According to Mr. Feng Wei, a Chinese Ph.D. candidate in folklore, living in the U.S., who has been working as an intern at the Smithsonian Institution and served as interpreter for the Chinese art teachers when they visited Minnesota, the Chinese were most impressed by the dynamism of arts education in the U.S. and in the choices of programs offered to American students. They expressed particular interest in: (1) the diversity of school curricula; (2) teaching styles of art teachers; (3) student participation in classes; (4) workshops and field trips; and (5) ethnic cultural materials used in arts education.

Observations made by the Minnesota music and voice teachers on their visit to China were characterized by an awareness of how much more controlled an environment is the Chinese  classroom than the average American classroom. Although the Chinese expressed admiration for, and fascination with, the spontaneity and flexibility the Americans demonstrated in their teaching styles, they indicated they had very little intention of changing their own teaching methodology to coincide with the style of the Americans.

The Americans were somewhat surprised and certainly dismayed at the paucity of musical instruments and teaching resources available to the Chinese teachers. While they observed that China compares poorly with the United States in this regard, they were sensitive to the likelihood that today’s China probably compares favorably with the China of the past.

The Center’s Core Programs Continue Unabated

In fiscal year 1988-1989 the Center initiated a roster of Core Programs— projects designed to address some unexplored areas in U.S.-China cultural exchange. Since that time, Core Programs have been carried out in music, visual arts, arts education, and many other fields.

One of the most ambitious of the Center’s Core Programs is the Pacific Composers Project (PCP)—a direct consequence of the Center’s work on the summer 1990 Pacific Music Festival, held in Sapporo, Japan. The PCP has served as a resource center, has provided extensive consultation on Pacific music, and has inspired and collaborated on many concerts since its inception in 1991. (See “Pacific Composers Project,” p. 30, for details.)

During the period from 1990 to 1995, the following projects have been undertaken as part of the Center’s Core Programs:

• In conjunction with the International Institute for the Arts (IIA) and the Art Department and China Studies Institute at San Diego State University, in June and July 1991 the Center co-sponsored “The First Chinese Art Seminar Workshop.”

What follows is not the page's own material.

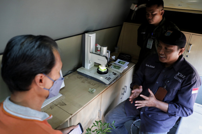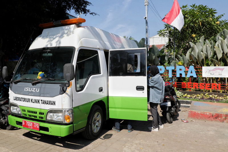 Pusat Pengembangan Benih dan Proteksi Tanaman Dinas Ketahanan Pangan Kelautan dan Pertanian (P2BPT DKPKP) DKI Jakarta menggelar Mobil Klinik Tanaman di RPTRA Kebon Pala Berseri, Makasar, Jakarta Timur, Selasa (12/9). Kegiatan Mobil Klinik Tanaman ini bertujuan untuk mengedukasi masyarakat tentang pengetahuan dasar terkait hama dan penyakit tanaman.

The workshop was designed and directed by Professor Sheng Tian Zheng, Vice President of IIA, with the strong support of Center Advisory Council member Waldemar A. Nielsen, Chairman of IIA. The workshop was created to provide Chinese artists an opportunity to network overseas, exchange information and ideas about contemporary Western art, and nurture their own cultural identity during a four-week residency in San Diego. The month-long program included visits to museums, talks with professionals in arts administration, studio time, a symposium on “Contemporary Chinese Art: Crisis and Perspective After the 1980s,” and a culminating exhibition, supported by the University, of works created by the participating artists.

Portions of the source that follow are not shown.